How to encrypt your cloud storage for free

By Brad Chacos, PC World |  Storage, cloud storage, encryption

Now, click on the New icon. The installation wizard will pop back up. This time, create another encrypted folder for a different cloud service or offline folder than you did originally. For example, I created an encrypted folder in my Dropbox account to complement the BoxCryptor folder I'd already created in my SkyDrive one. Finish up the creation process as you did before, creating a password and selecting a virtual drive designation. Advanced options will pop up during the process, but you don't have to worry about those unless you're curious about the software's niche uses.

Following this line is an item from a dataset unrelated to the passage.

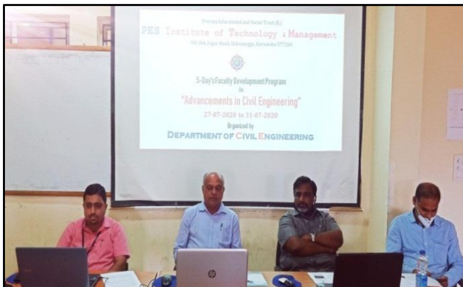
Inauguration of Five days FDP

Bonus: You don't have to reboot the second (or third, or fourth, or...x) time you create a BoxCryptor folder.

When you're done, a BoxCryptor.bc folder appears in the new location, and a BoxCryptor virtual drive appears on your computer, just as before. Utilize this second encrypted folder the same way you did your first one, by adding and removing files via the virtual drive, not the BoxCryptor.bc folder itself.

But what if you need to access or add a file in the encrypted folder you created the first time around? That virtual drive--but not the folder itself--disappeared when you removed it from the BoxCryptor list to create your second encrypted folder. Fear not: It's easy to connect back to your previously created BoxCryptor folders.

First, Remove your current virtual drive in the Advanced Mode as you did before, but this time, click Add rather than New when you're done. You'll be asked to choose the location of a BoxCryptor folder; select your originally created BoxCryptor.bc destination. (In SkyDrive, in my case.) Next, choose a letter for the virtual drive you're creating, ignore the advanced options, and enter your password for the encrypted folder when prompted. Bam! A virtual drive connected to your original BoxCryptor folder appears on your computer, allowing you to encrypt and decrypt your files to your heart's content.

Deselecting and reactivating virtual drives in order to jump between multiple encrypted folders gets the job done, but running through the reactivation process over and over again gets very tedious if you bounce between multiple services on a regular basis. If you want to maintain several encrypted folders and plan on using them often, I highly recommend upgrading to the $40 Unlimited Personal license--both to cut back on the headache and to support the developers of this excellent piece of software.